:: Data in this exercise

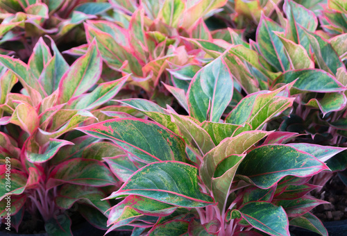 Tropical Leaf Aglaonema Ornamental Pink Red And Green Leaves Foliage Plant At Garden Nature Texture Background Buy This Stock Photo And Explore Similar Images At Adobe Stock Adobe Stock
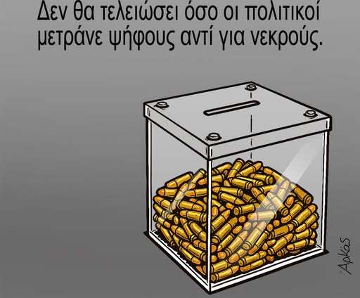 Ο γνωστός σκιτσογράφος θέλοντας να σχολιάσει με τον δικό του καυστικό τρόπο τα όσα συμβαίνουν τις τελευταίες μέρες σε τοπικές κοινωνίες, δημιούργησε μία κάλπη γεμάτη σφαίρες. Ο σκιτσογράφος που συνηθίζει και θίγει θέματα της επικαιρότητας που απασχολούν, γέμισε την κάλπη όχι με ψηφοδέλτια αλλά με σφαίρες ενώ η λεζάντα αναφέρει: «Δεν θα τελειώσει όσο οι πολιτικοί μετράνε ψήφους αντί για νεκρούς».
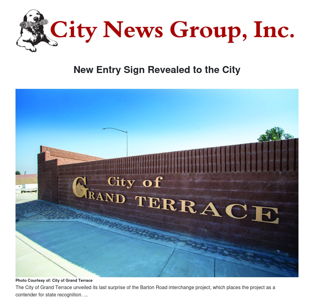 The final surprise of the Barton Rd. Interchange project has been unveiled. According to the City of Grand Terrace, the interchange project is a contender for state recognition as a model infrastructure project. If you pass the northbound on-ramp, check it out on your return and let the city what you think.
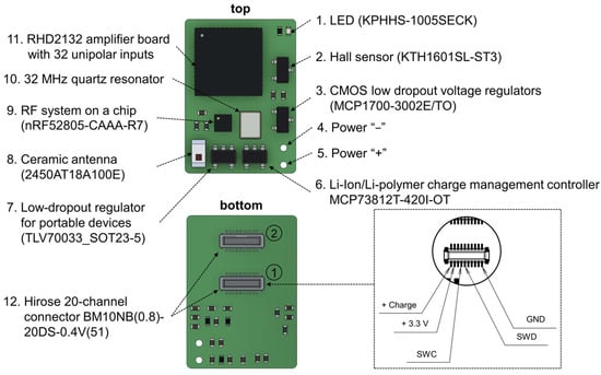 The wireless wearable module is based on the NRF52805-CAAA-R7 (Nordic Semiconductor, Trondheim, Norway) receiver–transmitter microprocessor and the RHD2132 32-channel unipolar input amplifier chip (Intan Technologies, Los Angeles, CA, USA). The RHD2132 chip enables the in vivo recording of weak electrical signals by directly converting them into a digital data stream, replacing traditional analog instrumentation and digitization circuitry found in typical electrophysiological recording systems. The differential gain exhibited by the RHD2132 chip is 192 V/V.
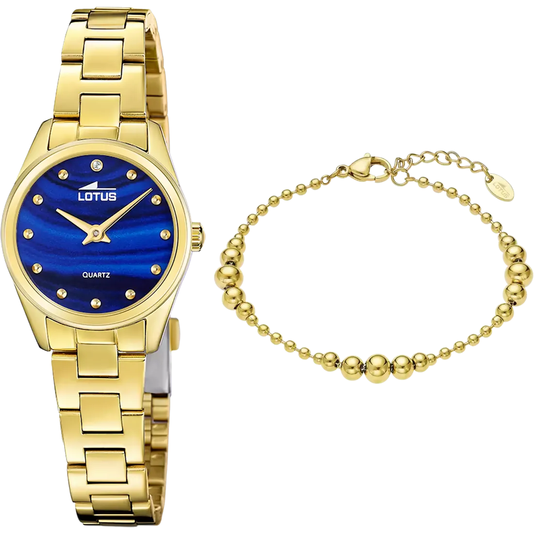 Úr: Úrkassi: 26mm – gyllt stál Úrverk: Rafhlaða Vatnsvörn: 50M Skífa: Blá – vísar Gler: Hert gler Keðja: Gyllt stál Ábyrgð: Tveggja ára Armband: Efni armbands: Gyllt stál
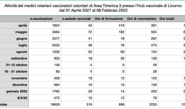 Dal 29 marzo 2021, con l’apertura dell’Hub vaccinale al PalaModì, è partita l’attività dei medici rotariani che, nel febbraio di un anno fa, hanno risposto, insieme ad altri 7 medici non rotariani, ad un bando pubblico della Azienda USL Toscana Nord Ovest per l’assegnazione di medici vaccinatori volontari.
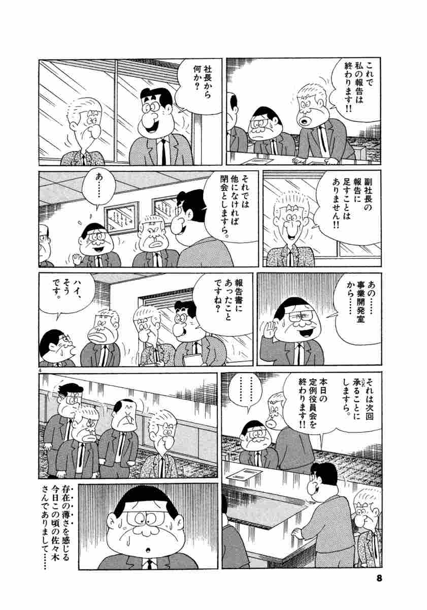 ●あらすじ/鯉のぼりがたなびく5月。株主総会を控えてややピリピリムードの鈴建では定例役員会の真っ最中。そんな中、常務とはいえ閑職で、いつ役員を降ろされるか分からない佐々木さんは気分がどん底に落ち込んでいたが、トイレで偶然出くわした鈴さんから、思いがけずお褒めの言葉を頂いて…(第1話)。▼建設中のビル視察で、油断したすきに地上38階にひとり取り残された佐々木さん。エレベーターの主電源は切られるわ、頼りの携帯電話は階下に落っことしてしまうわで、まさになす術なしの状況に。「銀座に飲みに行こう」と誘っていたハマちゃんたちが気付くことに期待したものの、日頃の存在感の薄さのせいか気付かれることはなく…(第2話)。
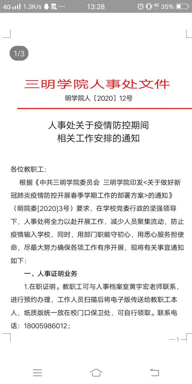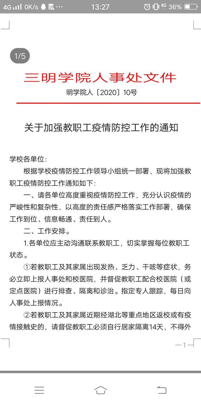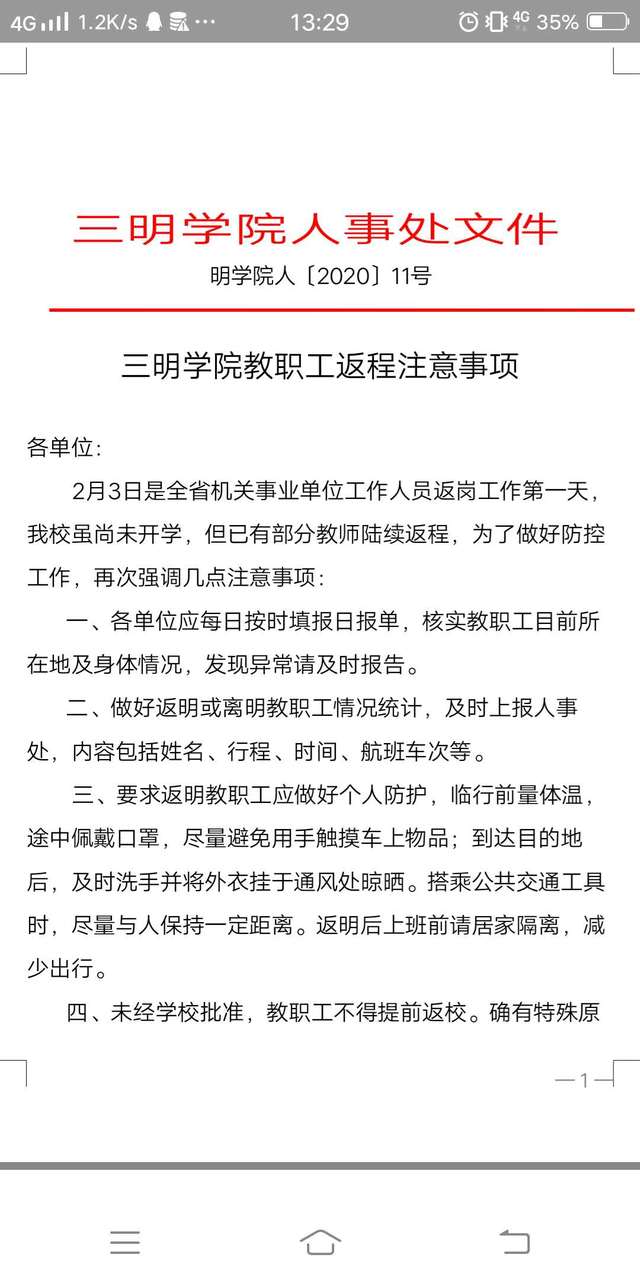 认真落实学校疫情防控工作安排,切实担负起疫情防控相关责任。根据学校《新型冠状病毒感染的肺炎疫情防控工作应急预案》文件精神,按照学校疫情防控工作分工,先后制定了《人事处防疫工作预案》《关于加强教职工疫情防控工作的通知》《三明学院教职工返程注意事项》,发布《三明学院教职工假期返程情况调查问卷》,对全校1049名教职工假期出行、身体健康等情况进行了摸底统计和重点关注。
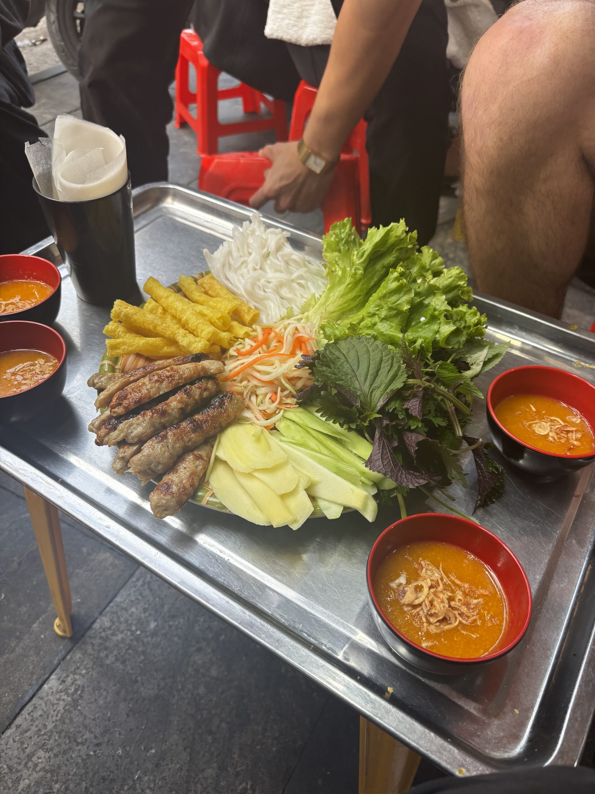 The tour mentioned above was a food tour through Old Quarters. This actually turned out to be us visiting our guide’s family members. The fist stop was his mothers food stand. However, I must say, the food was good. We had dry noodles (without soup). I was skeptical but gave it a try and was pleasantly surprised. Our next stop I believe were his aunties. He told us about the 2 women that owned the restaurant (sisters) and that one handles the meat and the other handles the soup/broth. One of the tour members jokingly asked… are these your aunties. He laughed it off, but we thought they were. We had noodles again and I could have done without this one. Our next stop was unique; we made our own individual Vietnamese wraps. I used to order these in Houston, but it was good to see how it was all put together. We first needed to use the lettuce to wet the rice paper, then add the ingredients (grilled pork, pickled slaw, noodles (bún), cucumbers, and herbs). We didn’t have peanut sauce, but what we had was good. This stop was no relations to our guide. Our last stop was dessert, which was coconut ice cream. I asked if this ice cream was unique to Vietnam. I asked because I hadn’t had any in Vietnam and remembered the unique ice cream I had in Turkey. The texture was almost like taffy where it was hard to pull apart, but the ice cream was good. Anyway, the ice cream here was simply vanilla ice cream with sprinkles of coconut… disappointing!! I’ve come to realize that Vietnamese people eat a diet of noodles and soup (a lot of different variations, but still just noodles and soup).
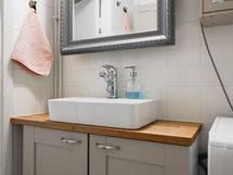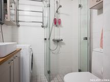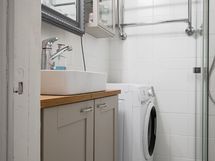 Pesutilojen varusteet: Suihkuseinä, pesukoneliitäntä, wc-istuin ja suihku.
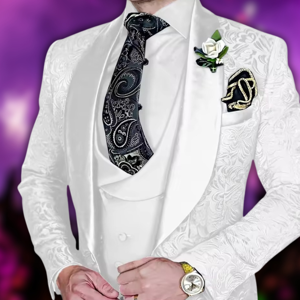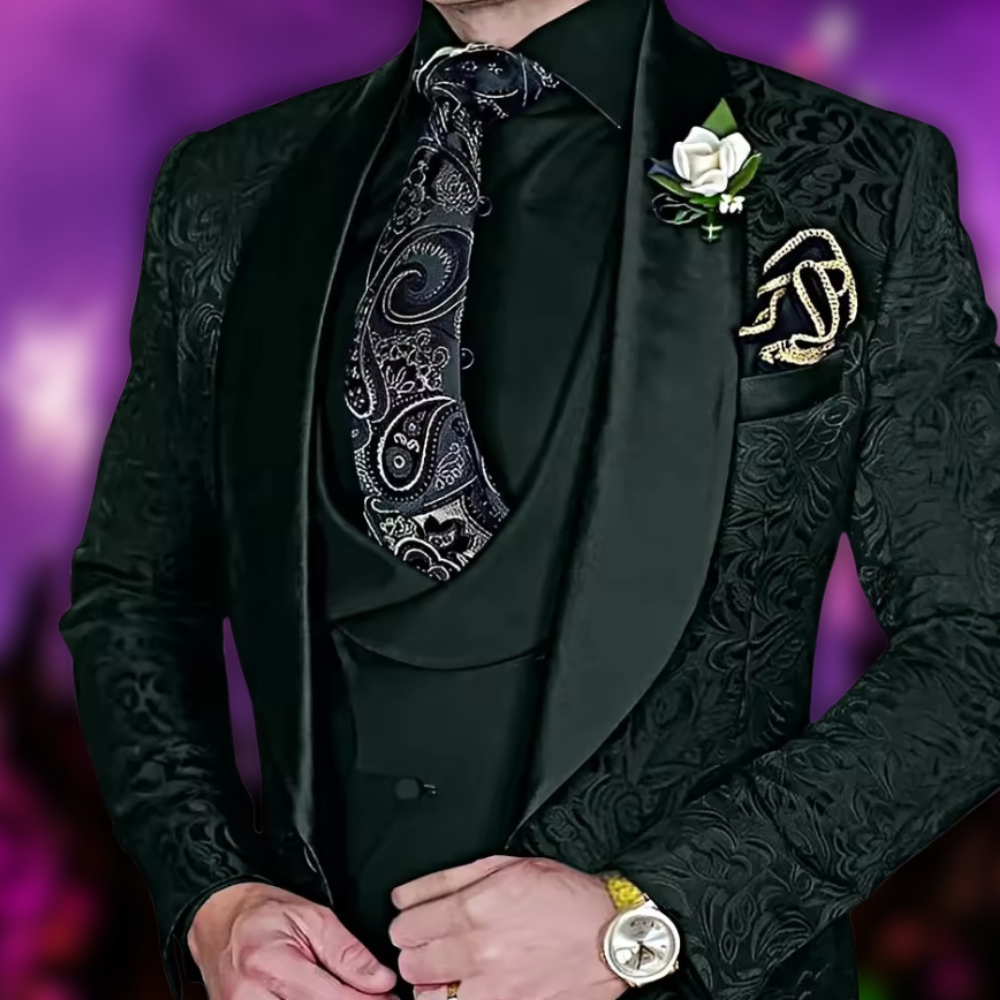 Herre Skræddersyet 3-Delt Jacquard-Sæt - Sator
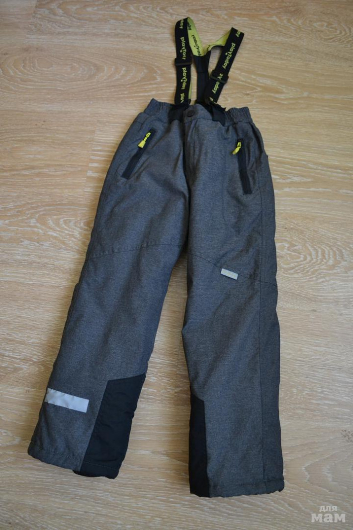 Отличные теплые брюки, утеплителя 150 грамм, в районе попы дополнительно утеплены подкладкой из микрофлиса(или что-то в этом роде). р. 116, сыну на рост 118см. еще как раз, но без запаса совсем, начинать носить можно при росте 112см.( а может и от 110см.). Лямки очень выручают, особенно для худеньких деток. Вообще брючки очень качественно сделаны, светоотражатели, по низу доп. защита от снега, утяжки, фурнитура хорошая, лямки съемные на липучках. Состояние как у новых, так как одевали за всю зиму раза 3, покупались на смену и на случай, если в более тонких рейма будет мерзнуть ребенок. Цена 1000р.
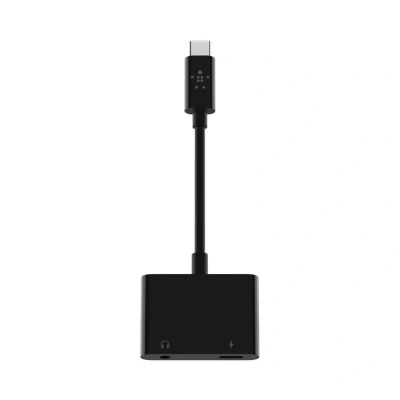 Listen and charge at the same time with the Belkin F7U080btBLK Dual USB-C Aux and Charge Adapter. Featuring a USB-C and audio port, it lets you enjoy your playlists without draining your battery.Plug in your 3.5 mm headphones or speakers at home, in the car or even on the go.

::::

A picture-free version of all the records, repeated exactly, is what to return.

Your response
 Tropical Leaf Aglaonema Ornamental Pink Red And Green Leaves Foliage Plant At Garden Nature Texture Background Buy This Stock Photo And Explore Similar Images At Adobe Stock Adobe Stock
 Ο γνωστός σκιτσογράφος θέλοντας να σχολιάσει με τον δικό του καυστικό τρόπο τα όσα συμβαίνουν τις τελευταίες μέρες σε τοπικές κοινωνίες, δημιούργησε μία κάλπη γεμάτη σφαίρες. Ο σκιτσογράφος που συνηθίζει και θίγει θέματα της επικαιρότητας που απασχολούν, γέμισε την κάλπη όχι με ψηφοδέλτια αλλά με σφαίρες ενώ η λεζάντα αναφέρει: «Δεν θα τελειώσει όσο οι πολιτικοί μετράνε ψήφους αντί για νεκρούς».
 The final surprise of the Barton Rd. Interchange project has been unveiled. According to the City of Grand Terrace, the interchange project is a contender for state recognition as a model infrastructure project. If you pass the northbound on-ramp, check it out on your return and let the city what you think.
 The wireless wearable module is based on the NRF52805-CAAA-R7 (Nordic Semiconductor, Trondheim, Norway) receiver–transmitter microprocessor and the RHD2132 32-channel unipolar input amplifier chip (Intan Technologies, Los Angeles, CA, USA). The RHD2132 chip enables the in vivo recording of weak electrical signals by directly converting them into a digital data stream, replacing traditional analog instrumentation and digitization circuitry found in typical electrophysiological recording systems. The differential gain exhibited by the RHD2132 chip is 192 V/V.
 Úr: Úrkassi: 26mm – gyllt stál Úrverk: Rafhlaða Vatnsvörn: 50M Skífa: Blá – vísar Gler: Hert gler Keðja: Gyllt stál Ábyrgð: Tveggja ára Armband: Efni armbands: Gyllt stál
 Dal 29 marzo 2021, con l’apertura dell’Hub vaccinale al PalaModì, è partita l’attività dei medici rotariani che, nel febbraio di un anno fa, hanno risposto, insieme ad altri 7 medici non rotariani, ad un bando pubblico della Azienda USL Toscana Nord Ovest per l’assegnazione di medici vaccinatori volontari.
 ●あらすじ/鯉のぼりがたなびく5月。株主総会を控えてややピリピリムードの鈴建では定例役員会の真っ最中。そんな中、常務とはいえ閑職で、いつ役員を降ろされるか分からない佐々木さんは気分がどん底に落ち込んでいたが、トイレで偶然出くわした鈴さんから、思いがけずお褒めの言葉を頂いて…(第1話)。▼建設中のビル視察で、油断したすきに地上38階にひとり取り残された佐々木さん。エレベーターの主電源は切られるわ、頼りの携帯電話は階下に落っことしてしまうわで、まさになす術なしの状況に。「銀座に飲みに行こう」と誘っていたハマちゃんたちが気付くことに期待したものの、日頃の存在感の薄さのせいか気付かれることはなく…(第2話)。
 认真落实学校疫情防控工作安排,切实担负起疫情防控相关责任。根据学校《新型冠状病毒感染的肺炎疫情防控工作应急预案》文件精神,按照学校疫情防控工作分工,先后制定了《人事处防疫工作预案》《关于加强教职工疫情防控工作的通知》《三明学院教职工返程注意事项》,发布《三明学院教职工假期返程情况调查问卷》,对全校1049名教职工假期出行、身体健康等情况进行了摸底统计和重点关注。
 The tour mentioned above was a food tour through Old Quarters. This actually turned out to be us visiting our guide’s family members. The fist stop was his mothers food stand. However, I must say, the food was good. We had dry noodles (without soup). I was skeptical but gave it a try and was pleasantly surprised. Our next stop I believe were his aunties. He told us about the 2 women that owned the restaurant (sisters) and that one handles the meat and the other handles the soup/broth. One of the tour members jokingly asked… are these your aunties. He laughed it off, but we thought they were. We had noodles again and I could have done without this one. Our next stop was unique; we made our own individual Vietnamese wraps. I used to order these in Houston, but it was good to see how it was all put together. We first needed to use the lettuce to wet the rice paper, then add the ingredients (grilled pork, pickled slaw, noodles (bún), cucumbers, and herbs). We didn’t have peanut sauce, but what we had was good. This stop was no relations to our guide. Our last stop was dessert, which was coconut ice cream. I asked if this ice cream was unique to Vietnam. I asked because I hadn’t had any in Vietnam and remembered the unique ice cream I had in Turkey. The texture was almost like taffy where it was hard to pull apart, but the ice cream was good. Anyway, the ice cream here was simply vanilla ice cream with sprinkles of coconut… disappointing!! I’ve come to realize that Vietnamese people eat a diet of noodles and soup (a lot of different variations, but still just noodles and soup).
 Pesutilojen varusteet: Suihkuseinä, pesukoneliitäntä, wc-istuin ja suihku.
 Herre Skræddersyet 3-Delt Jacquard-Sæt - Sator
 Отличные теплые брюки, утеплителя 150 грамм, в районе попы дополнительно утеплены подкладкой из микрофлиса(или что-то в этом роде). р. 116, сыну на рост 118см. еще как раз, но без запаса совсем, начинать носить можно при росте 112см.( а может и от 110см.). Лямки очень выручают, особенно для худеньких деток. Вообще брючки очень качественно сделаны, светоотражатели, по низу доп. защита от снега, утяжки, фурнитура хорошая, лямки съемные на липучках. Состояние как у новых, так как одевали за всю зиму раза 3, покупались на смену и на случай, если в более тонких рейма будет мерзнуть ребенок. Цена 1000р.
 Listen and charge at the same time with the Belkin F7U080btBLK Dual USB-C Aux and Charge Adapter. Featuring a USB-C and audio port, it lets you enjoy your playlists without draining your battery.Plug in your 3.5 mm headphones or speakers at home, in the car or even on the go.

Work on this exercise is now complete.